ISSUE #235: Punishing Tourists Won't Save Aspen (11/22/22)
My former colleague Roger Marolt recently penned an op-ed in support of ballot measure 2A, “the STR tax.” Marolt is surely feeling his oats today because the Aspen electorate overwhelmingly approved the measure. In his eyes, this special excise tax on renters of private residential property is what is needed to save our town.
According to Marolt, this 5% - 10% addition to Aspen’s 11.3% nightly sales tax rate will not only bolster our subsidized housing coffers, it will send a message to our visitors “that they create immediate negative impacts on our town while they are here that need to be mitigated.” It’s not visitors who stay in hotels who do this, just the ones who stay in condominiums, apparently, including those that were built and have functioned as traditional tourist accommodations for the past 50 years. He posits that “visitors to Aspen could have the most positive impact by not vacationing here at all.”
Now remember, Marolt is from Aspen. He has never lived anywhere else. Therefore, his limited worldview and frame of reference are exceedingly narrow. He is obsessed with nostalgia and wants nothing more than for Aspen to return to what it was half a century ago. Lamenting that Aspen has become a resort and is no longer what he considers “a town,” Marolt believes that to make Aspen a “real town” again, we need to “get rid of second homeowners.”
He also believes “a real town has more than half its residential units occupied by people who work in town.” But he neglects to identify just what kind of “work” qualifies. I assume he means people who live in subsidized housing. He probably thinks all those folks actually “work in town.” (They don’t.)
Marolt is clearly confused. He has wrongly placed blame for the negative impacts of recent growth squarely on our visitors. I get it, he doesn’t like that our roads are clogged with workers who drive in every day and is frustrated by what he hears about businesses desperate for employees. But he wrongly assumes the Highway 82 road warriors are coming solely to service tourists and second homeowners. He ignores the fact that the more full-time residents we subsidize, the more nurses and doctors and teachers and police and waiters and bartenders we need on a 24/7/365 basis. The system is stressed. I can’t argue there. But we also can’t ignore the dramatic impacts of massive growth of our full-time population, including in the subsidized housing ranks, which are far greater than seasonal tourism. In short, the problem is us.

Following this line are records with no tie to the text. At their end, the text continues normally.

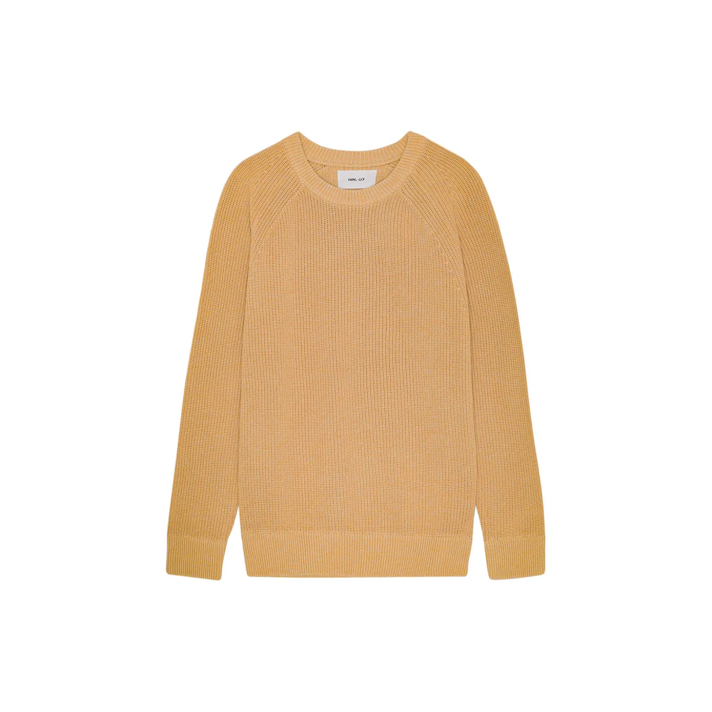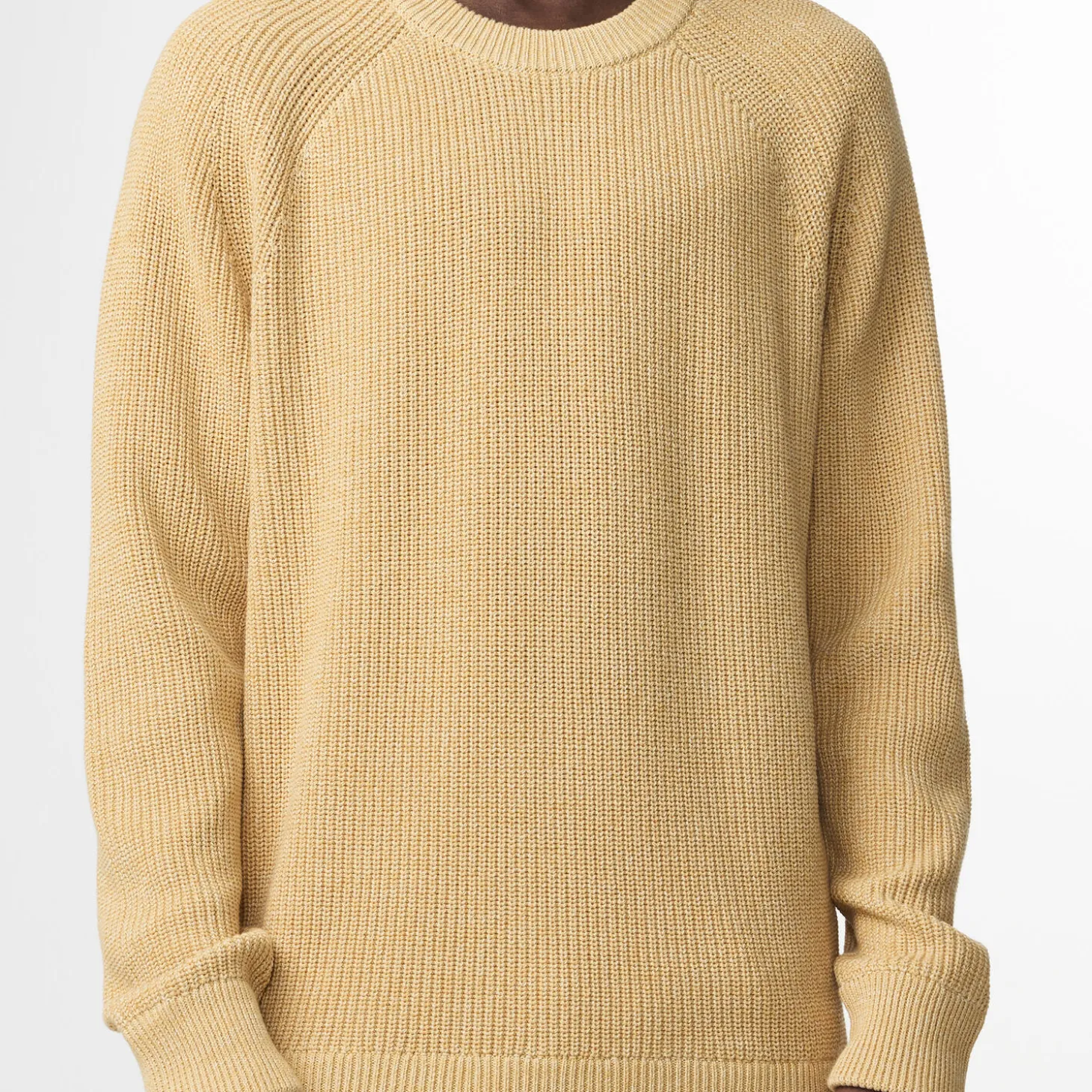 Crewneck crafted in a soft cotton knit in a half-cardigan stitch designed with a raglan sleeve.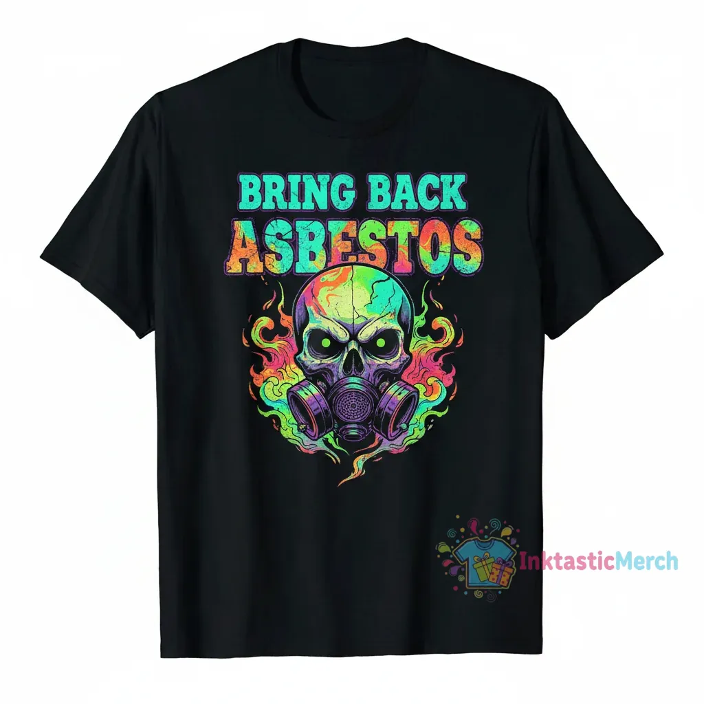 This bold graphic proclaims “Bring Back Asbestos” with stylized, retro-inspired typography, offering a satirical and thought-provoking statement piece perfect for those who appreciate edgy humor. Crafted from a premium, soft cotton blend, this t-shirt ensures ultimate comfort and breathability for all-day wear, embodying wearable creativity from inktasticmerch.com.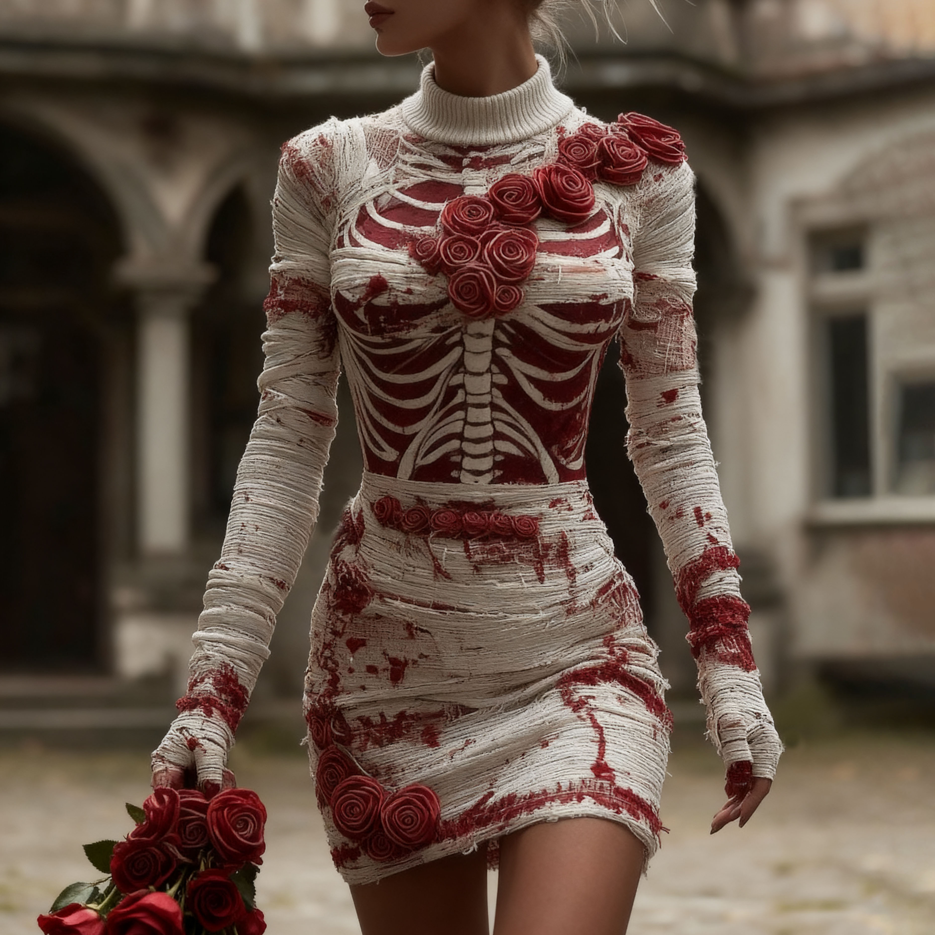 Women's Vintage Halloween Skeleton Red Rose Art Knit Mini Sweater Dress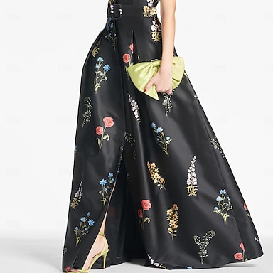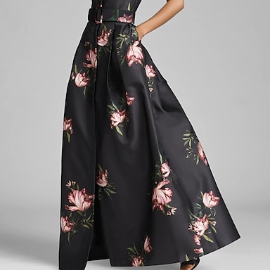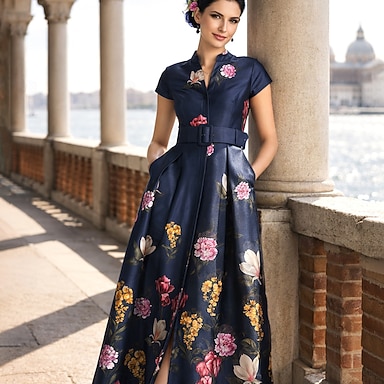 Ligne A Longueur au sol Robe d'invité de mariage Robe Fleurie Robe de Soirée Élégant ancien Floral Manche Courte Col Bateau Fête de jardin Mariage Poche Jacquard avec Imprimé floral Plis
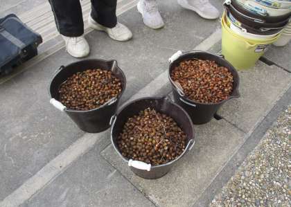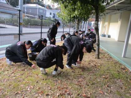 朝から多くの生徒が参加し、どんぐりを拾いました。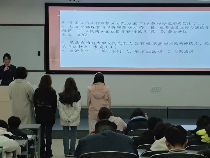 本网讯 邓婷 报道:为进一步推动校园宪法宣传教育常态化、长效化,增强普法活动吸引力与感染力,切实提升同学们的法治素养,引导大家成为宪法法律的忠实崇尚者、严格遵守者、坚定捍卫者,经济与管理学院紧扣2025年国家宪法日“学习宣传贯彻习近平法治思想,推动宪法深入人心”主题,于12月5日晚在第三教学楼阶8教室,开展了以“弘扬宪法精神,共筑法治社会”为主题的宪法知识竞赛活动。

2A passed. But despite its projected revenue stream, we have zero plans to house actual workers. Instead, we’re building subsidized two- and three-bedroom units, to be filled with full-time families who will place even more demand for services on the community and resort workforce without participating in either. Everyone knows, once in the APCHA system, it’s time to “work remote” for a better paycheck and the purchasing power for that second home in Moab or Palm Springs or France to rent out as an income-producing STR. (How ironic.)
So, as we lambaste and heavily tax a critical segment of our tourism economy ostensibly to return Aspen to the locals, will this actually save us? Hardly. We have become so distracted by our labor shortage that we’ve justified a punitive money-grab to build more housing for the wrong people. And somehow, we try to convince ourselves that this growth isn’t growth at all. Only visitors and tourists cause that.
Whether we are a town or a resort is not what we should be focused on. (Can’t we be both?) Nor should we be intentionally crippling our economic engine.
The fact is, demand for subsidized housing in Aspen is essentially unlimited, as is demand for any valuable good provided at a price far lower than its free market equivalent. We should acknowledge that our economy relies on tourism, and embrace it. Then focus on what that economy needs - workers – not what the end users of subsidized housing want. In a free market system, we are programmed to prioritize demand from the consumer perspective, but our housing program is not the free market so the consumer demand approach is all wrong. We have been focused entirely on households desiring subsidized housing, not services requiring workers. This is precisely why we are not housing enough of them.
We have a labor shortage, not a housing one. Instead of trying to house the workers we actually need, we are housing people who simply want to live in Aspen affordably. They are not the same. And all growth is growth, the impacts of which are bad for everyone. Acknowledging this is what will really save our town.
Then we can focus on our actual customers: the visitors who make it all possible.
Marolt is clearly angry and frustrated, but his ire is misdirected. It’s time to get our priorities straight. The last time Aspen was only a town and not a resort, it was the 1930s, and it was a ghost town. Careful what you wish for.